The knockdown protocol is detailed elsewhere(Huey et al., 1992; Gilchrist and Huey, 1999). Approximately 1000 flies from each line are poured into the inner tube of a water-jacketed Weber column (Weber,1988). The water jacket is heated by a Haake DC-10 immersion heater (Haake-Buchler Inc., Paramus, NJ, USA) in a 26 liter water bath and contains a copper tube through which air is heated to the same temperature and forced through the column. The flies are poured into the inner tube when the air core temperature is 30°C. Mesh baffles within the inner tube provide places for the flies to cling during the experiment. The water temperature is ramped from 30°C up to 50°C over ∼50 min; the average rate of change is ∼0.4°C min^–1. T_KD is that temperature at which a fly can no longer locomote or cling to the baffles or column walls; they fall out of the column. As they fall out, the flies are fractionated at 0.5°C intervals between 32°C to 46°C. Recovery is nearly instantaneous (Gilchrist and Huey,1999). The knockdown flies are then separated by sex, counted, and the distribution of knockdown temperatures recorded separately for males and females from each line.

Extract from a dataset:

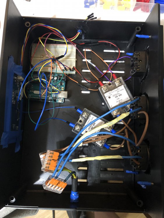 Witajcie, na wstępie polecam ten "artykuł" do kawy - będzie długo. Wiele osób z facebook'owej grupy Jewarzka oraz grupy związanej z kotłami elektrycznymi poprosiło mnie o ewentualne przygotowanie sterowników, który zaprezentowałem jako efekt mojej zaległej pracy magisterskiej. Projekt trochę rozbudowałem, by Wam badziewia nie pokazywać. Wcześniej nie było doprowadzone zasilanie bezpośrednio do sterownika. Teraz jest już wszystko od A do Z i mogę Wam zaprezentować jego działanie. Nie jestem w stanie czasowo realizować takich sterowników, lecz postanowiłem by prawie w 100% podzielić się z Wami rezultatem mojej kilku miesięcznej batalii. Jest już kilka sterowników na forum, lecz mój pokażę Wam krok po kroku, porządnie na tyle ile będę potrafił. Z góry przepraszam za może ewentualne błędy w połączeniu instalacji - nie jestem elektrykiem, a robotykiem. Na wstępie kilka słów o sterowniku. Jest to dokładnie adaptacyjny sterownik PID mający na celu ustabilizowanie temperatury zacieru w procesie warzenia piwa. Nazwa może przerażać lecz nie jest to AŻ tak bardzo skomplikowane. Efektem pracy było utrzymanie temperatury z oscylacjami nie przekraczającymi 0.3°C. Sterownik ma możliwość dodania kilku przepisów, edycji ich oraz zacierania - wszystko będzie zaprezentowane poniżej. Moja historia wygląda tak, że kupiłem Coobre CB3, wpiąłem się w grzałki, zrezygnowałem z gotowego sterownika i zaimplementowałem własny. W Coobrze denerwowało mnie to, że nie widzę wszystkich informacji na raz - muszę czekać, aż się przewiną. Tak wiem, jest już Coobra PRO, która pozwala na zaobserwowanie wszystkich informacji, ale byłem pierwszy Dodatkowo w celu rozbudowy browaru domowego zdecydowałem się na dodanie funkcji kontroli temperatury fermentacji - tu akurat sterownik działa z użyciem temperatury zadanej oraz histerezy ustawianej przez użytkownika. Możliwe wykorzystanie sterownika - gdzie go użyć oraz jego funkcje: - kontrola temperatury zacierania - Sterownik będzie działał zarówno w kotłach automatycznych jak i zwykłych garach z użyciem grzałki elektrycznej wkładanej do zacieru. - kontrola temperatury fermentacji - możliwa równoczesna kontrola chłodzeniem (lodówka) oraz grzaniem (pas grzewczy) - kontrola temperatury przy zakwaszaniu - możemy podpiąć pas grzewczy i utrzymywać temperaturę 30-40°C nieprzerwanie przez wymagany czas Na pewno znajdziecie więcej zastosowań takiego sterownika Planuję zaprezentować Wam kilku częściowy poradnik DYI jak wykonać taki sterownik. Temat jest bardzo rozległy, więc artykuł będzie składał z kilku części: Część #0 - Wstęp, prezentacja sterownika oraz jego działanie Część #1 - Elektronika, podłączenia instalacji, opis elementów, koszty Część #2 - programowanie Arduino - ogólny zarys konfiguracji czujnika temperatury DS18B20, programowanie prostych programów działających na histerezie Część #3 - programowanie ekranu Nextion - projekt wykorzystuje ekran dotykowy, z graficznym układem GUI, jest w pełni programowalny Część #4 - teoria odnośnie technik sterowania - sterownik PID oraz sterownik adaptacyjny Oczywiście Część #4 jest pewnie do wyrzucenia - nie wiem czy kogoś będzie interesowało pokrótce co się dzieje w sterowniku, z czym się to je. Reszta części tez jest tematem elastycznym - kwestia co chcecie się dowiedzieć. Jak wiadomo, jeśli ktoś chce zrealizować taki sterownik - jest "gadżeciarzem". Mój sterownik posiada takie elementy, które nie są bardzo potrzebne, lecz posiadanie ich znacznie ułatwia pracę oraz wygląda bardzo przyjemnie. Takim elementem jest między innymi ekran dotykowy Nextion 3,2". W moim projekcie stosuję taki ekran - można użyć jakiegokolwiek wyświetlacza i dostosować do Waszych potrzeb. Projekt podzielony jest na części, abyście mogli np. nie używać ekranu który ja użyłem, dodać inny własny, który chcecie i dalej możecie korzystać z pozostałych części projektu i wszystko będzie działało. Dobra tyle słowem wstępu, mam nadzieję, że ktoś dotrwał - czas na prezentację sterownika. Nie będę opisywał zdjęć za bardzo - wszystko widać krok po kroku. Rys.1 Ekran powitalny Rys.2 Lista przepisów - możemy je edytować lub wcisnąć podgląd i od razu przejść do wykonywania wybranego przepisu. Rys.3 Edycja przepisu PALE ALE i dodanie przerw zacierania. Rys. 4 Ustawienie czasu gotowania oraz czasów chmielenia Rys.5 Podgląd przepisu - widzimy go również po edycji. Z tego miejsca możemy wystartować działanie sterownika. Rys.6 Sterownik wystartowany. Pojawia się tu temperatura zadana, aktualna z czujnika oraz czas kolejno w minutach i sekundach do końca przerwy. Można zresetować działanie sterownika - powróci do wykonywania pierwszej przerwy. Możliwy jest również wybranie trybów pracy (domyślnie automatyczny). Rys. 7 Tryby pracy sterownika - możemy wybrać tryb manualny (np. jak niewystarczająco gotuje się brzeczka) i ustawić manualnie moc grzałek od 0-100% z dokładnością mniejszą niż 0.5%. Zakres 0 - 255. Rys.8 Wygląd działającego sterownika podpiętego bezpośrednio pod Coobra CB3. Rys.9 Kontrola fermentacji - niestety ekran jest inteligentny na tyle, że nie można wyświetlać liczb zmiennoprzecinkowych. Trochę to zmienię by wyświetlało mimo to nie tylko liczby całkowite. (zniknął gdzieś przycisk COFNIJ oraz ON/OFF który zobaczycie w zdjęciach sterownika). Wykonałem na tym sterowniku warkę z powodzeniem. Nie ukrywam, że teraz już z niego nie korzystam, bo wykorzystuje go głównie do kontroli temperatury fermentacji - działa z lodówką od 2 dni (06.06.2020) Więc polecam go do kotłów, gdy ktoś nie posiada np. elektroniki w kotle, bądź kupił uszkodzony kocioł bez sterownika. Przedstawiam Wam również wykres z przebiegiem temperatury przy zaimplementowanym sterowniku PID w kotle Coobra CB3 - myslę, że efekt jes

To maintain each HN line, ∼30% of the flies with the highest T_KD are selected and retained for breeding. For each LN line, ∼30% of the flies whose T_KD generally ranges from 35.5–37°C are selected and retained for breeding. After each Control line is run through the KD column, ∼30% of all the flies are haphazardly chosen for retention and breeding. Following a round of selection,the selected flies from each line (∼300 individuals with approximately equal number of males and females) are divided into two groups of ∼150 flies, each of which is placed into a bottle containing 30 ml cornmeal–molasses–yeast–agar–tegosept medium sprinkled with yeast. The flies are maintained at 25°C for 5–6 days following knockdown to ensure mating between selected males and females(Gilchrist and Huey, 1999). They are then transferred to fresh food sprinkled with yeast and allowed to oviposit for ∼24 h. The eggs are transferred to fresh food vials at a density of ∼50 eggs/vial. Twenty-eight vials of eggs are collected from each line. Flies develop and mature at 25°C (12 h:12 h L:D) for 13 days,at which time the adults are transferred to fresh food bottles sprinkled with yeast in preparation for the next knockdown experiment, which is run on days 14 and 15 following egg collection. (The selection and maintenance protocols have remained consistent for the original and the new knockdown lines.)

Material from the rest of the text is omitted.